# Foros Todo sobre Agricultura Comercialización  Comercializacion PALTA HASS

## HABR

Mi nombre es Rolando y soy un pequeño productor de palta Hass y Fuerte, mi parcela se encuentra ubicada en la antigua hacienda Macacona en Ica. Este año tendré una producción aproximada de 20000kg, ayer me vinieron a visitar unos acopiadores que me ofrecieron US$1.00 x kg de palta Hass, precio pagado en la planta. Quisiera que ustedes me orienten y me diga si es un precio conveniente, o si este es el precio que se esa pagando normalamente en el campo, o en todo caso me diga en donde puedo averiguar u constatar que me estan pagando el precio apropiado. 
Sin mas y agradeciendole por su gentil atención 
atte 
RolandoTemas similares: Palta Hass Peruana palta hass Ofrezco Palta hass y palta fuerte Palta Hass CAT 2 Palta hass

----------


## Rolando Vila

Quisiera saber el precio estimado, aproximado, promedio de lo que deberían pagar los acopiadores a los productores de palta Hass?????....alguien me puede ayudar????....
Gracias!!!!!!

----------


## Bruno Cillóniz

Hola Rolando: 
Disculpa porque recién aprobé el registro de tu usuario... 
Con respecto a tu consulta, te dejo el enlace al *Sistema de Abastecimiento y Precios del MINAG*. Ahí vas a encontrar precios de los mercados mayoristas, para que te hagas una idea de cuánto están pagan por acá y puedas negociar mejor con el comprador:   http://sisap.minag.gob.pe/portal/index.php 
De todas formas, te recomiendo también ofrecer tu producción de palta en la sección de Clasificados (Productos Agropecuarios) para ver si alguien te ofrece un mejor precio.
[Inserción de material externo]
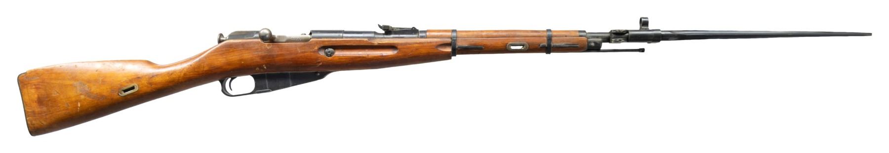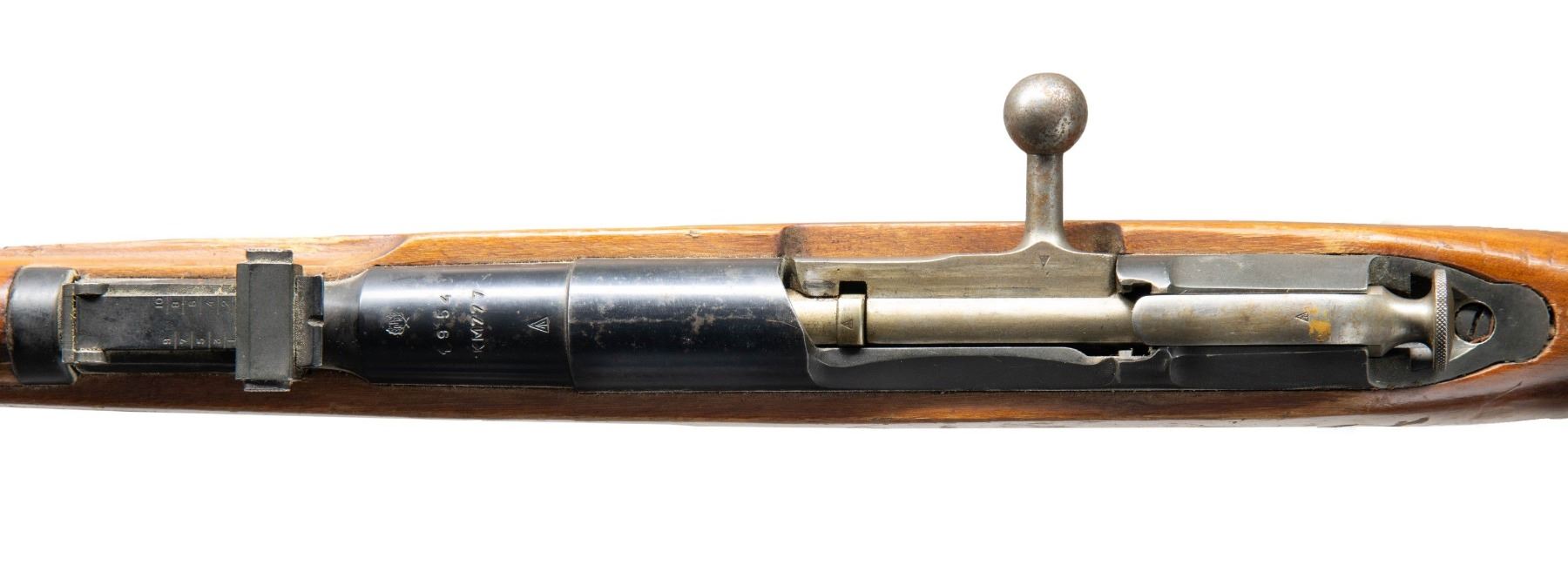 Cal. 7.62x54R. S#KM777. Bbl. 20 1/2" with Century import marking. Standard M44 Mosin sights. Bolt is mismatched but other parts are matching to bbl. shank. Bbl. shank has standard Romanian markings with serial & 1954 date. Left side of receiver has importer added serial number. Hardwood stock set with pressed in sling slots. Folding spike bayonet present. Hungarian made cleaning rod present. CONDITION: stock set shows scattered dings, handling wear, worn finish, staining & handling marks. Metal retains 85% arsenal bleu with scattered edge wear, light oxidation, dried grease & some oxidation. Action functions properly when hand cycled. Very good bright bore. (25-3790/MJC). CURIO. $200-300.

Como siempre les digo a todos, tal vez una fotos de tus paltas te ayuden a conseguir interesados. 
Espero te sirva esa fuente de infomación, y espero también que otros con más experiencia te puedan orientar para que consigas un buen precio por tus paltas. 
Por otra parte, no sé si estás enterado, pero estamos haciendo un Seminario de Manejo del Cultivo y Comercialización del Palto el 24 y 25 de este mes. Si estás interesado, podría ser una buena oportunidad para aprender un poco más de expertos nacionales e internacionales en la materia. Ahí podrías convesar y establecer contacto con otros productores de palta hass del Perú. 
Saludos, y si tienes más dudas, plantéalas para ver si puedo conseguirte la información.

----------


## perúamazónico

No puedo hablarte sobre precios, pero lo que sí te aconsejaría es que averigües sobre el "comercio justo", que es promovido por algunas ONGs, así como también por las Naciones Unidas.  Ellos se abocan a desarrollar una relación económica entre consumidores y productores de manera "justa", como su nombre lo indica;  lo cual, tiene claros beneficios económicos (a manera de un plus) en favor de los productores.

----------


## Jack Jimenez Pereda

Rolando, sino has tenido suerte con la página proporcionada por nuestro administrador, te adjunto un resumen, 
saludos     PrecioHass 2009-20.jpg

----------


## lralvares

Colaborando más en este tema coloco los precios diarios del minag, el cual lo saque de la siguiente dirección: *http://sisap.minag.gob.pe/portal/index1.php*  seleccionando la sección *Diaria* y dentro Producto *Palta*, variedad *Palta Hass (COSTA)*, reporte *PRECIOS*, luego selecciona el rango de fecha deseado. 
Complementando este precio se trata de precio mayorista (precio el cual vende el mayorista al minorista). 
Saludos y si bien mi profesión no esta ligada directamente al tema agraria, busco información para consultorías que se hacen en nuestra empresa. 
Luis Alvares 
P.D.: Recalco lo que dice bcilloniz *Por otra parte, no sé si estás enterado, pero estamos haciendo un Seminario de Manejo del Cultivo y Comercialización del Palto el 24 y 25 de este mes. Si estás interesado, podría ser una buena oportunidad para aprender un poco más de expertos nacionales e internacionales en la materia. Ahí podrías convesar y establecer contacto con otros productores de palta hass del Perú.*

----------


## HABR

Gracias a todos por sus respuestas.
Saludos,

----------


## Juan Pablo Valdivia

Hola a todos, estoy haciendo un trabajo de Tesis en Cajamarca (Promocion IV - Centrum Católica) y nuestro tema es acerca de la formulación de un Plan Estratégico para un producto. Quisiera plantear una consulta: ¿*A que fuente de información debería recurrir para averiguar que cultivos se están actualmente produciendo en el valle de Condebamba (Provincias de San Marcos y Cajabamba) que tengan caracteristicas o potencial de exportación*? . Tengo entendido, en principio que se está produciendo alguna variedad de palta y menestras.
Muchas gracias anticipadas por sus respuestas
Juan Pablo Valdivia

----------